Tail held high but not wagging, nose to the floor, Bob padded out of the family room, and Pogo followed.
The dog was intent on pursuing a scent, but he didn’t seem to be in the least distressed, as presumably he would be if an imminent threat existed. Curious, yes, and perhaps puzzled, he sniffed rapidly, deeply, sweat dripping from his black nose, which could gather and hold scents better when it was wet.
In the hallway, Bob paused, looked left, right, left, and then continued to the right, claws clicking on the wood floor. His snout was now so close to the mahogany that he left an almost continuous smear of nose sweat, like a snail trail.
The laundry-room door was ajar. As lithe as smoke drawn by a draft, the swivel-hipped dog squeezed through the narrow gap, into the dark room beyond. In the absence of a bark, Pogo trusted that no one waited behind the door, and he pushed it open. Bob pawed at the next door, the one to the garage, remembered that his surfing buddy was with him, and looked up beseechingly.

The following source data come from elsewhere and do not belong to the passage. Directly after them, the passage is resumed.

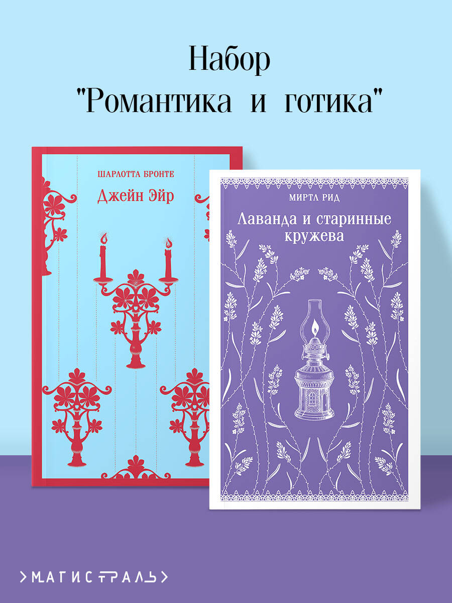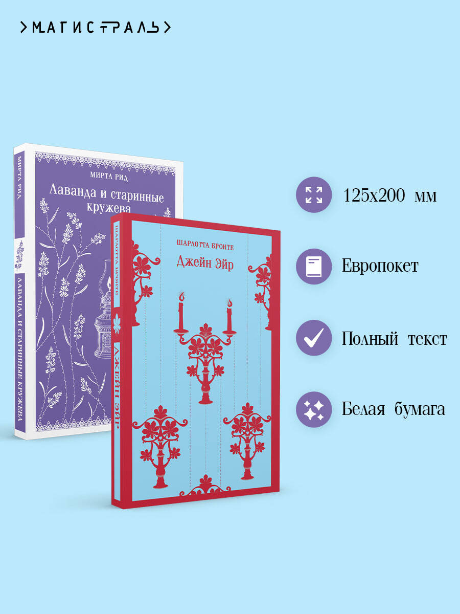 Комплект, объединяющий две незабываемые истории о любви, тайнах и поисках своего пути: «Лаванда и старинные кружева» Миртл Рид и «Джейн Эйр» Шарлотты Бронте. Этот комплект — настоящий подарок для поклонников готики сестёр Бронте, мистических историй Дафны дю Морье, тёплых романов Люси Мод Монтгомери и загадочной атмосферы книг Дианы Сеттерфилд. Здесь переплетаются тайна, нежность и надежда, напоминая нам, что чудеса случаются, когда мы верим в любовь и верность.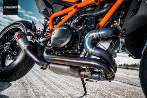 כמו במקרה של ה-990, גם ק.ט.מ 1390 סופר דיוק R קיבל הגדלת נפח כדי להתמודד עם תקנות זיהום האוויר ההולכות ומחמירות, כשעל הדרך ייכלה ק.ט.מ להרים עוד יותר את רף הביצועים לרמות שטרם נראו באופנוע הנייקד שלה. מנוע הוי-טווין בנפח 1,301 סמ"ק הוגדל לנפח של 1,350 סמ"ק על ידי הגדלת מהלך הבוכנה מ-108 ל-110 מ"מ. בק.ט.מ ניצלו את ההזדמנות גם כדי להוסיף גלי זיזים חדשים ומערכת תזמון שסתומים משתנה, כאשר ישנה גם תיבת אוויר חדשה ומוגדלת וניהול מנוע מעודכן. התוצאה היא הספק מרבי שקפץ מ-180 ל-190 כ"ס המתקבלים ב-10,000 סל"ד, לצד מומנט מרבי שעלה ב-0.8 קג"מ ל-14.8 קג"מ בסך הכל המתקבלים ב-8,000 סל"ד – 1,000 סל"ד גבוה מאשר במנוע הקודם.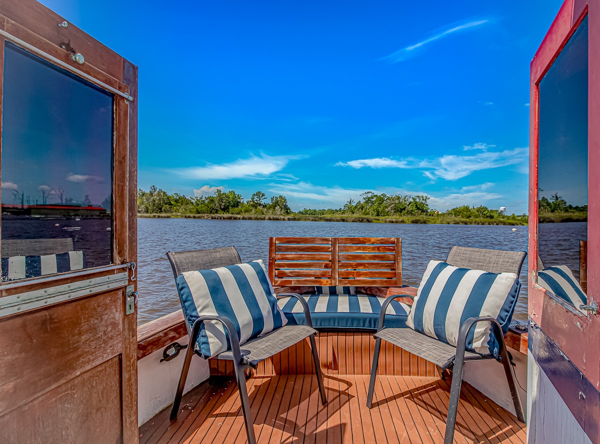 Reconnect กับธรรมชาติที่การหลบหนีที่น่าจดจำนี้ แม็กกี้โจเป็นเรือบ้านที่ได้รับการฟื้นฟูอย่างสมบูรณ์ในปี 1970 เธอมีตู้เย็นขนาดใหญ่เตาแก๊สไมโครเวฟและเตาปิ้งขนมปัง ด้านนอกบนดาดฟ้าด้านหลังเธอมีเตาย่างแก๊ส ท่าเทียบเรือขนาดเล็กมีเตียงเต็มรูปแบบ 2 เตียงที่สะดวกสบายมาก Galley dinette ทำให้เป็นเตียงและโซฟาในรถเก๋งก็ดึงออกมาด้วย ในขณะที่อยู่บนดาดฟ้าคุณจะเห็นนกอินทรีปลาโลมาจระเข้หรือตกปลาที่กระโดดลงมาจากน้ำ ฉันยังมีเรือคายัคคู่ 2 ลำสำหรับการใช้งานของคุณ

Wondering if he might be attributing the wrong motive to the Labrador’s urgency, Pogo said, “Hey, dude, you sure this isn’t just about taking a pee?”
Bob chuffed.
Choosing to interpret the chuff as a declaration of serious intent, Pogo opened the door. Bob dashed across the threshold, into the darkness, his sniffing amplified as it echoed off the cars and the garage walls.
Finding the switch and flipping on the fluorescent ceiling panels took maybe ten seconds, by which time Bob had wound among the three vehicles, which included Pogo’s thirty-year-old primer-gray pity-the-poor-boy Honda, and had begun to return to the laundry room. He was a canine on the hunt, no doubt about that. However, he continued to seem more excited and more puzzled than anxious, not in an obviously protective state of mind.
Makani slept in soft lamplight, fully dressed, on her back, atop the bedclothes. Head turned to her left. Arms at her sides. One palm turned up, the other flat to the blanket.
Standing bedside, gazing down at her, Rainer felt triumphant, powerful, indestructible.
The woman’s eyes moved rapidly behind their lids, a sign of dreaming.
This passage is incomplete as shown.